The phosphate industry is a key component of global food security and the phosphorous derived from rich rock phosphate is essential to all forms of life.
In addition to water and sunlight, plants have a vital need for three components that are essential to their development: nitrogen (N), phosphorous (P), and potassium (K). Arable lands naturally contain these three elements in varying proportions. Before the early 20th century, agriculture production did not call for large inputs of these elements; however, between 1900 and 2000, agricultural production increased by 600 percent. As a result of this growth, it became necessary to add various amounts of these three elements to most land in order to improve its productivity. Today, between 40 and 60 percent of global food production requires the use of NPK fertilizer. Phosphorous alone represents a quarter of the 170 million tons of consumed nutrients per year.
If global agricultural production does not increase in this decade compared to the prior decade, we may face a global food output shortfall by 2050, when the world’s population is anticipated to reach 9.2 billion people and arable land per capita is expected to drop from its current .20 hectares per capita level to .12. Therefore, food production must increase by 70 percent, or 1.5 percent per year. This would be impossible without the use of chemical fertilizers. Cereal production, for example, will have to grow at an increased pace to serve expected consumption levels, which are currently between 400 and 1,500 daily grams per person worldwide.
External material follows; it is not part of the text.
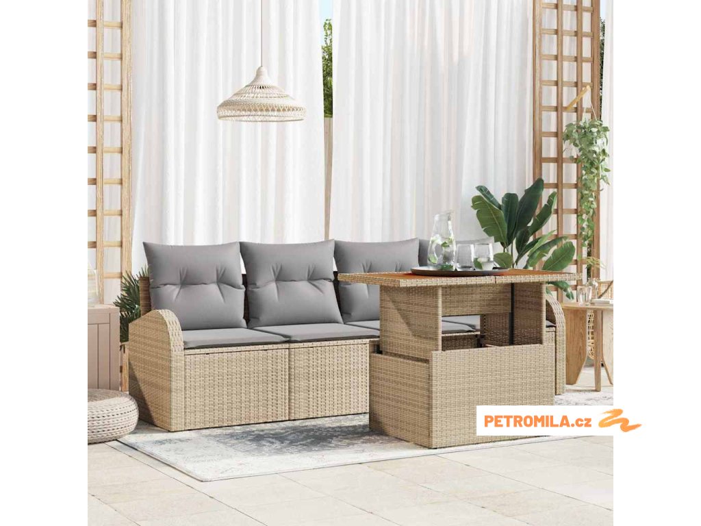 Tahle sada zahradního nábytku s polštáři je přesně to, suitable for co potřebuješ k oživení svého venkovního prostoru. Spojuje styl a praktičnost. S moderním vzhledem a čistými liniemi zjednoduší všechno, bez zbytečných starostí. Tkaný polyratan vypadá skvěle a dělá ji ideální pro večerní setkání nebo lenošení na letních dnech v zahradě. Je tu dost místa pro všechny a pohodlné opěrky rukou tvoří příjemnou atmosféru, což ji dělá skvělou pro stolování nebo prostě relax u přírody.
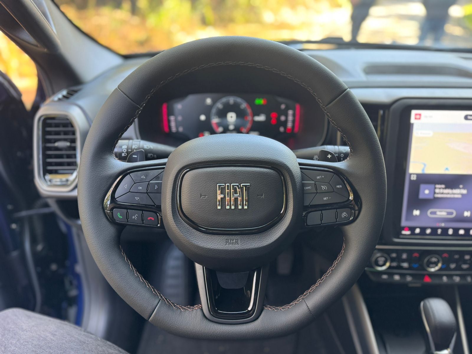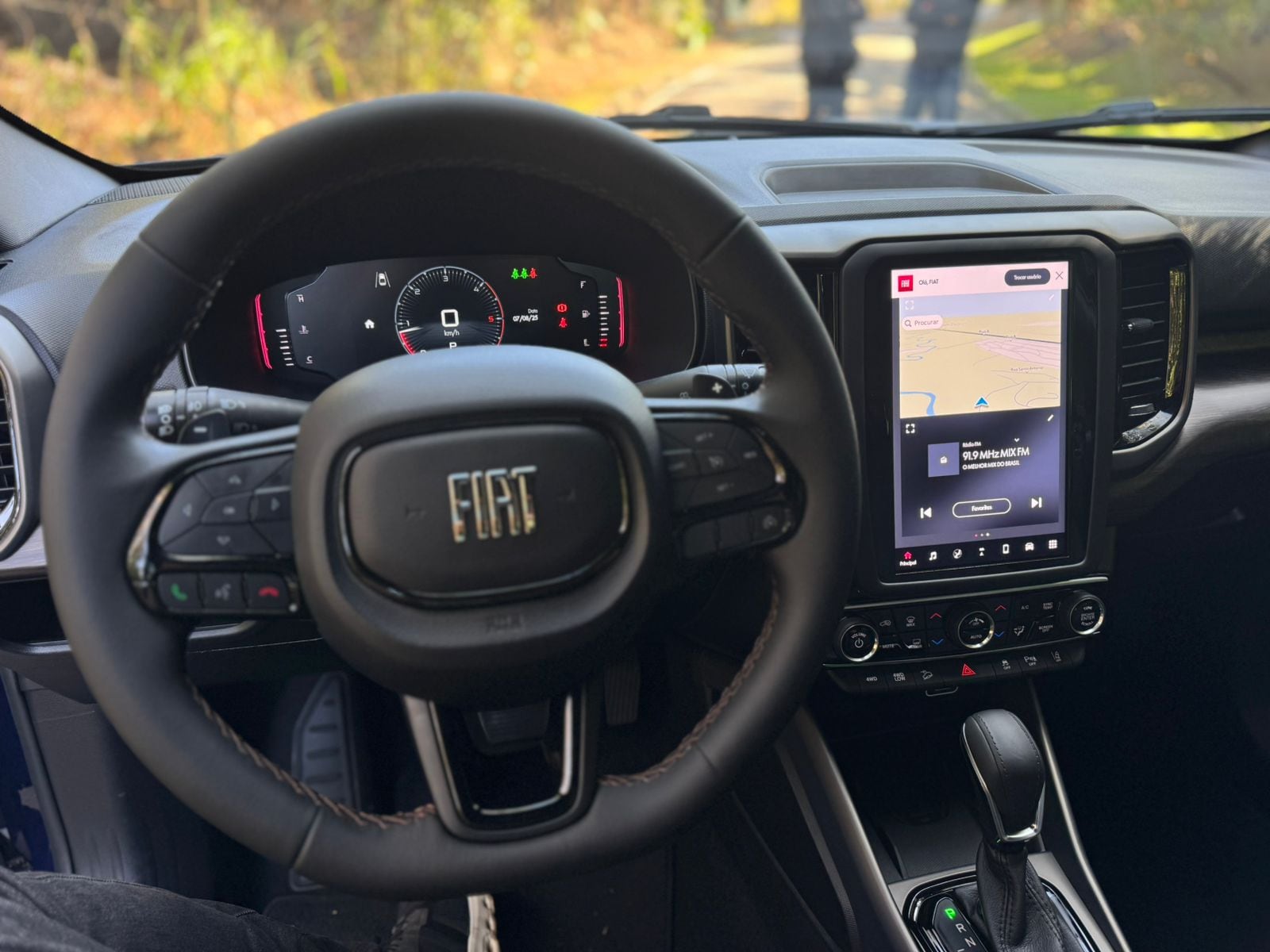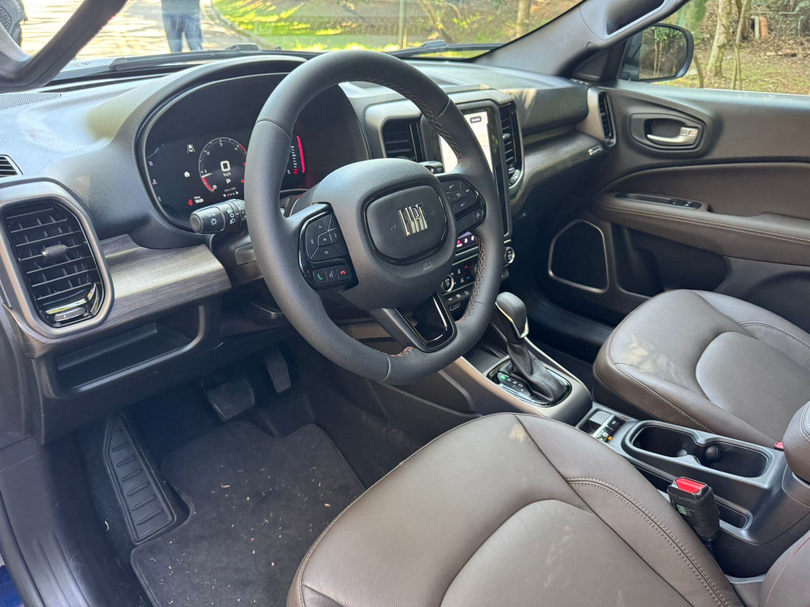 A Fiat Toro mantém sua estrutura interior já conhecida mas há novas molduras nas saídas de ar, nova manopla de câmbio que é mais fina e alguns detalhes internos.

Industrial fertilizers, particularly phosphate fertilizers, provide an essential means to meet the planet’s future dietary needs in a straightforward and effective way. They are the only way for populations to increase yields per hectare substantially and therefore limit the amount of land devoted to agriculture at the expense of an already strained forest cover.
From 50 million tons at present, demand for fertilizer will increase to around 70* million tons in 2020, an average growth of 2.6 percent per year. Therefore, 2 million additional tons of fertilizer will need to be produced each year.